Black mom sues LAUSD over cotton-picking project at school


A black parent filed a civil rights lawsuit last week against the Los Angeles Unified School District and the Board of Education, saying a cotton farm was set up at an elementary school in 2017 intended to rid students of slaves. To teach about experiences.

Rushunda Pitts said her 14-year-old daughter, referred to as “SW” in the lawsuit, experienced emotional distress as a result of the project at Laurel Cinematic Arts Creative Tech Magnates, which her social justice teacher asked students to help. was. Get a real-life experience of what African American slaves endured,” according to the lawsuit, which named the school’s then-principal and social justice teacher as defendants.

Pitts said that in September 2017, she noticed that her daughter had become “very quiet and reserved” when she “lively shared her day with her mother,” the suit states.

One day, as Pitts was about to drop off her daughter at Laurel Cinematic Arts creative tech magnate, she saw a cotton field in front of the school and called the office to speak to the school’s principal, Amy Diaz, who, according to the lawsuit was unavailable. , Pitts spoke with assistant principal Brian Wisniewski, who explained that SW’s class was reading an autobiography of Frederick Douglass and the cotton field was created so that students could have a “real-life experience” of slavery, the lawsuit says.

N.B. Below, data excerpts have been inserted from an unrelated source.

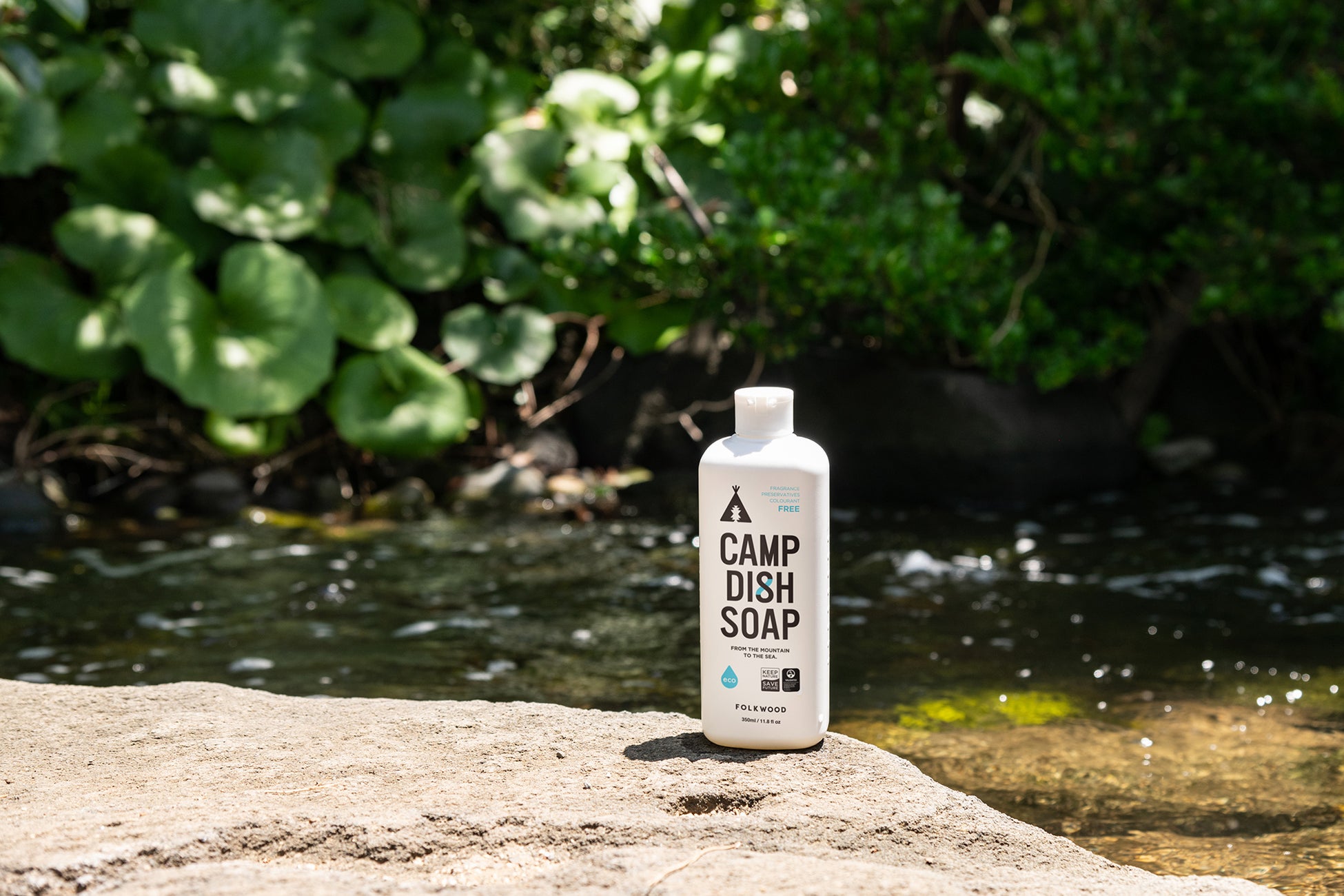 FOLKWOODキャンプディッシュソープは水とパーム油を使用した石ケン素地の天然素材のみで作られています。
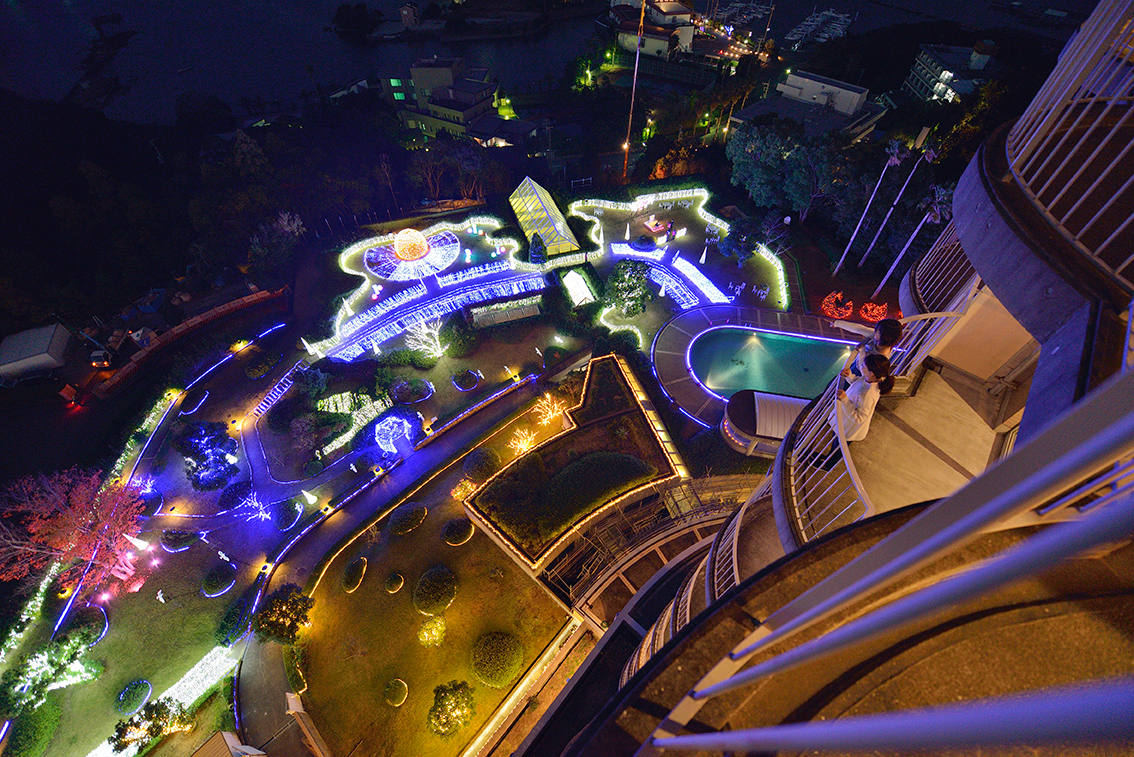 和歌山最大級のプライベートイルミネーション「イルミナスオーシャン」を望むレストランにて、『和食会席』又は『フレンチ会席』をお召し上がりいただきます。(席によってはイルミネーションが見えない場所もございますので予めご了承ください)
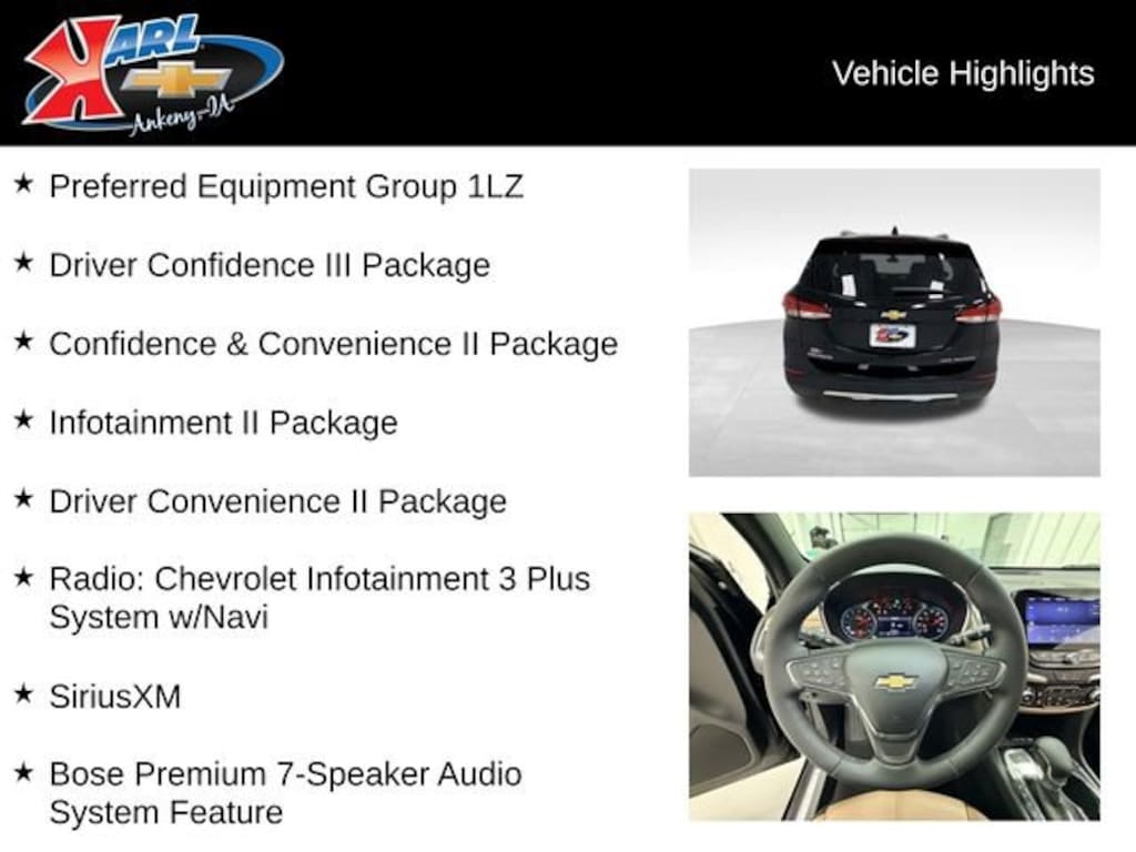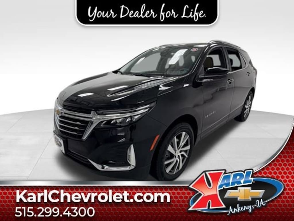 Certification Program Details: Karl Chevrolet of Ankeny, The Nation's #1 CarBravo Certified Dealer! Every CarBravo Certified vehicle includes: Comprehensive 126-Point Inspection Professionally inspected by factory-trained technicians to meet strict mechanical, safety, and cosmetic standards. 12-Month / 12,000-Mile Bumper-to-Bumper Limited Warranty Enjoy added peace of mind with extensive coverage from the day you drive off the lot. 24/7 Roadside Assistance & Courtesy Transportation Flat tire? Dead battery? Need a tow? You're covered anywhere, anytime throughout the warranty period. Vehicle History & Title Guarantee Clean title, completed safety recalls, and a full CARFAX® or AutoCheck® report provided for complete transparency. 10-Day / 500-Mile Exchange Promise If you don't absolutely love it, bring it back and exchange it no hassle, no stress. Experience peace of mind and premium protection exclusively from Karl Chevrolet of Ankeny, the Nation's #1 CarBravo Dealer!- Confidence & Convenience II Package- Driver Confidence III Package- Driver Convenience II Package- Infotainment II Package- Bose Premium 7-Speaker Audio System Feature- Radio: Chevrolet Infotainment 3 Plus System w/Navi- SiriusXM- Front dual zone A/C- Bluetooth® For Phone- Memory seat- Power driver seat- Power Sunroof- Auto High-beam Headlights- Adaptive Cruise ControlThis 2024 Chevrolet Equinox Premier AWD 4DR PREMIER is a remarkable SUV that combines style, comfort, and advanced technology. With its sleek black exterior and powerful 1.5L DOHC engine, this Equinox delivers an exceptional driving experience. The all-wheel-drive system ensures confident handling in all weather conditions, while the 6-speed automatic transmission with overdrive provides seamless acceleration and efficient performance.Inside, the Equinox Premier offers a premium cabin experience with perforated leather-appointed seats, heated and ventilated front seats, and a heated steering wheel. The Bose premium 7-speaker audio system and Chevrolet Infotainment 3 Plus system with connected navigation provide exceptional entertainment and connectivity. Safety features like automatic front and rear parking assist, HD surround vision, and adaptive cruise control further enhance the driving experience.As a CarBravo Certified vehicle, this Equinox has undergone a comprehensive 126-point inspection by our factory-trained technicians. It comes with a 12-month/12,000-mile bumper-to-bumper limited warranty, 24/7 roadside assistance, and a 10-day/500-mile exchange promise, giving you the peace of mind you deserve.At Karl Chevrolet, we are committed to providing our customers with exceptional vehicles and unparalleled service. Our knowledgeable sales team is ready to assist you in finding the perfect Equinox to meet your needs. Visit us today and experience the difference that Karl Chevrolet can make in your car-buying journey.At Karl Chevrolet we want to help you find the best new or used car in Ankeny that suits your needs. When you buy a new car at Karl Chevrolet you know you're finding a vehicle you can rely on. We have a great selection of Platinum Quality Pre-Owned Vehicles. We also pride ourselves in creating a friendly atmosphere and a reliable Dealership that you can trust. Call us and our experts will be glad to help you! (515) 299-4300. *Equipment and options are generated by a 3rd party vendor, exact vehicle options may vary. Please see a salesperson for complete details and vehicle information.
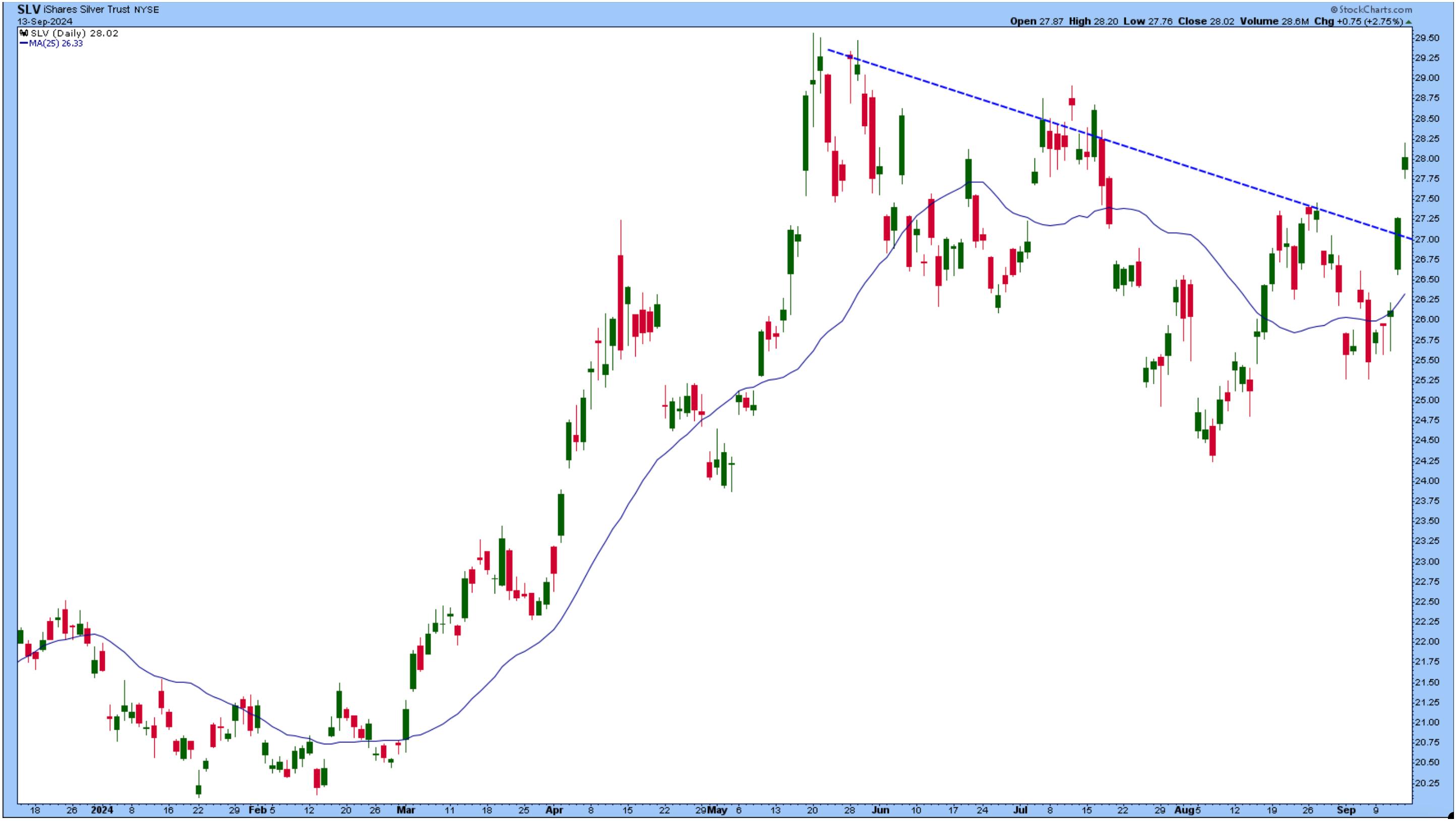 FIGURE 4. SILVER SURGES. SLV breaks above its downward-sloping trendline. Whether this upward move will continue rests on how much the Fed cuts rates in next week’s FOMC meeting.Chart source: StockCharts.com. For educational purposes.
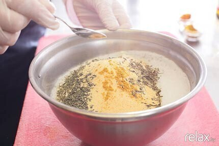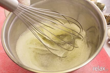 2. Взбиваем белки венчиком или миксером. Так мы создаем «цемент», который скрепит все специи.
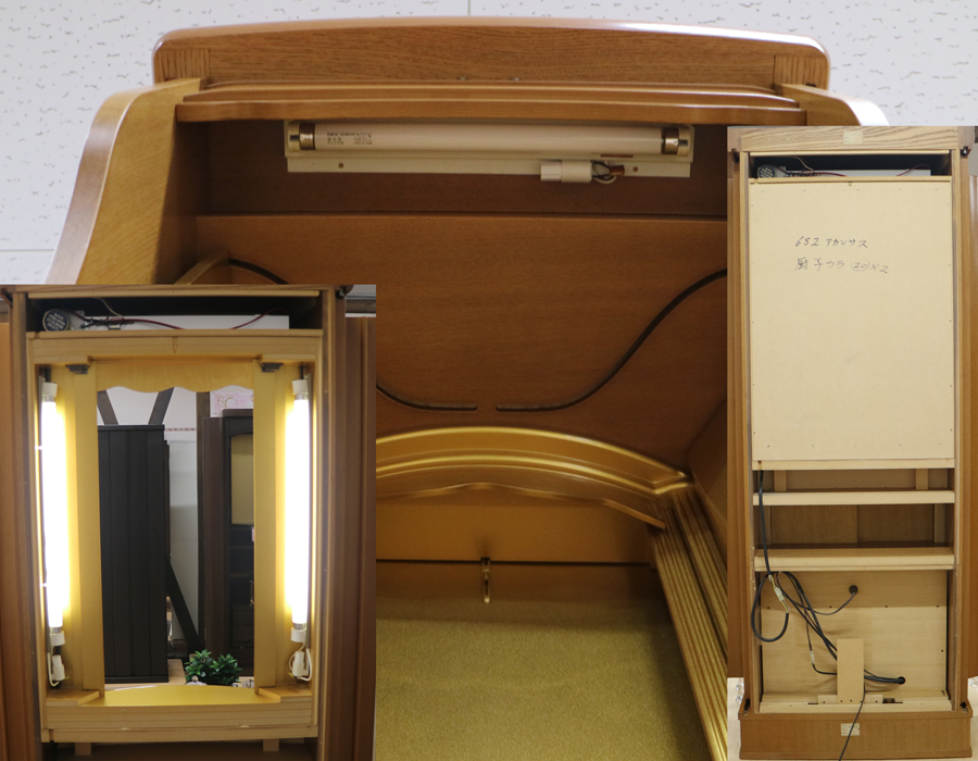 ※厨子内の両脇の照明は、裏板を外さないと蛍光灯の交換が難しいです。照明は全て新品に交換済みです。
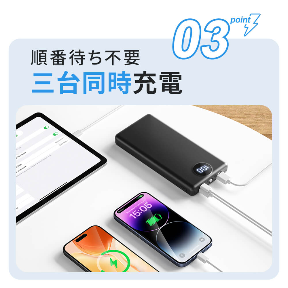 【3台同時充電可能&LED残量表示】出力にはUSB—Aポートx2.USB—Cポートx1、3台同時充電可能です。LED電量表示が搭載されており、残りの電量を簡単に確認できるため、予期しない電源切れを防ぐことができます。
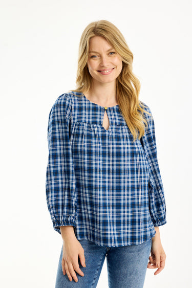 OBS! Fjernlager. Levering kan blive forlænget med 2-3 dage, hvis varen ikke findes i vores butik lige nu.Sød bluse fra In Front med lange ærmer, rund hals med en lille nøglehulsudskæring og det skønneste ternede print.
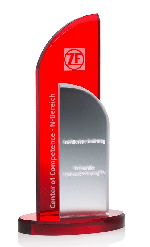Ein ansprechendes Award-Design, bei welchem sich, durch die versetzt angeordneten Oberteile, eine vertikale Gravur auf dem rotem Acrylglasflügel anbietet.
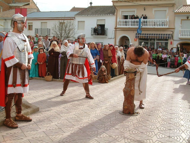 La Semana Santa Viviente es uno de los acontecimientos más representativos de este municipio de la comarca de Baza. En la representación participan ?entre actores ... aficionados, figurantes y técnicos- más de 600 vecinos de la localidad y se esperan varios miles de visitantes sumando las dos representaciones. La diputada provincial de Cultura y Memoria Histórica y Democrática, Fátima Gómez, la alcaldesa de Cuevas del Campo, Carmen Rocío Martínez Ródenas y el director del drama, Javier Requena, han presentado esta mañana en Granada los actos programados para la decimosexta edición de la Semana Santa Viviente, que comenzó el pasado Domingo de Ramos con la entrada triunfal de Jesús en Jerusalén y la recuperación de los oficios perdidos y que continúa el jueves con lo que es un ensayo general y Viernes Santo con representación teatral del Drama de Pasión, Muerte y Resurrección y un mercado judío donde se venderán productos de la zona. La diputada provincial de Cultura y Memoria Histórica y Democrática, Fátima Gómez, ha recordado que "se trata de un evento con una trayectoria muy importante, que siempre ha sido apoyado por la Delegación de Cultura de la Diputación de Granada y que desde el principio se pretendió que además del tema religioso fuera un espacio de creación de diversas disciplinas artísticas necesarias para el desarrollo del proyecto, a través de talleres de teatro, música y recuperación de oficios tradicionales". Gómez ha destacado que "es un proyecto muy completo, donde participan niños, jóvenes, adultos, hombres y mujeres sin ningún tipo de distinción, consiguiendo durante los meses de preparación que Cuevas del Campo sea un hervidero de actividades que se extienden durante todo el año". La alcaldesa de la localidad, Carmen Rocío Martínez Rodenas, ha manifestado que "la Semana Santa Viviente de Cuevas del Campo es un precioso espectáculo religioso y teatral, con una escenografía espléndida y enriquecida notablemente, tanto por los personajes como por su banda sonora, sin olvidar unos escenarios naturales de increíble belleza, como la colina que representa el Monte del Calvario". El nuevo director del drama, Javier Requena, ha destacado que "cuando me incorporé al proyecto me sorprendió cómo un pueblo se vuelca completamente con el drama y lo revive e interioriza en cada personaje, desde Jesucristo hasta el último figurante del pueblo judío y sobre todo, lo fácil que resulta trabajar con todos ellos porque lo llevan en el ADN desde que nacen y lo viven desde pequeños". Por último, el actor Paco Alcaría, que interpreta desde los inicios el papel de Poncio Pilato, ha recordado la figura de Antonio Víctor Martínez y cómo le surgió la idea cuando siendo un niño presenció en Almería el rodaje de "El Evangelio según San Mateo" de Pier Paolo Passolini. Alcaría también ha rememorado la ilusión y la modestia de las primeras ediciones del drama, cuando las mujeres del pueblo creaban el vestuario con retales de colchas y cortinas viejas, los cascos de los soldados romanos eran de plástico y las lanzas eran las barras de hierro de los andamios". La Semana Santa Viviente de Cuevas del Campo fue declarada en 2004 Fiesta de Interés Turístico de Andalucía y en 2010 recibió la consideración de Patrimonio Inmaterial de Andalucía. La representación teatral del drama de la pasión, basado fielmente en el Evangelio de San Mateo, a partir de la versión cinematográfica de Passolini, está estructurada en tres actos, más un preámbulo y un epílogo y comprende una veintena de escenas, entre ellas el desfile del ejército romano, la entrada del gobernador de Judea, el juicio de Pilato, la flagelación, la subida al Calvario con las Tres Caídas, la crucifixión, el entierro y la resurrección y finalmente, la despedida desde el Gólgota. La Semana Santa Viviente de Cuevas del Campo surge en 2001 como una herramienta de apoyo y promoción a las actividades de teatro, junto a las de Semana Santa en la localidad. Está organizada por la Cofradía de Nuestra Señora de los Dolores de Cuevas del Campo, con la colaboración del Ayuntamiento de la localidad y la Diputación Provincial de Granada, entre otras entidades.
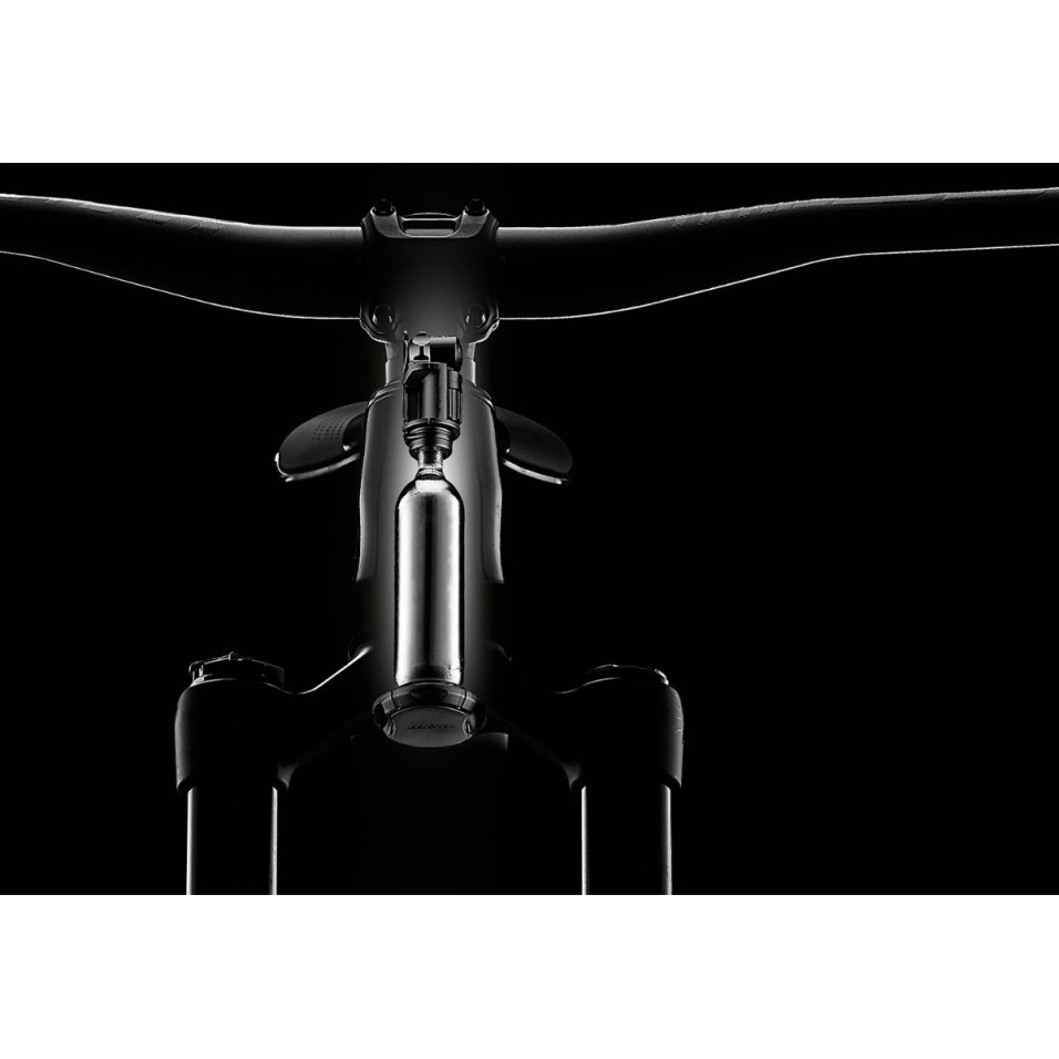Léger, solidement fixé et silencieux, mais facile d'accès lorsque vous en avez besoin, le kit de gonflage d'embrayage intégré à la fourche Giant utilise un capuchon magnétique pour enclencher intelligemment une cartouche de CO2 et un gonfleur directement dans le tube de direction de la fourche, ce qui vous permet de voyager sans bagages. .

After Pitts expressed his disappointment with the project, Wisniewski agreed and said the school principal would reach out to Pitts, the lawsuit says. Diaz listened to Pitts’ request to take down the cotton farm in 24 hours, but said the school could not adjust to the change so quickly, adding that it could aim for the weekend or next week, But could not make any promises according to the lawsuit.

Wisniewski did not immediately return a request for comment. A spokesperson for LAUSD said the district did not comment on the ongoing or pending lawsuit.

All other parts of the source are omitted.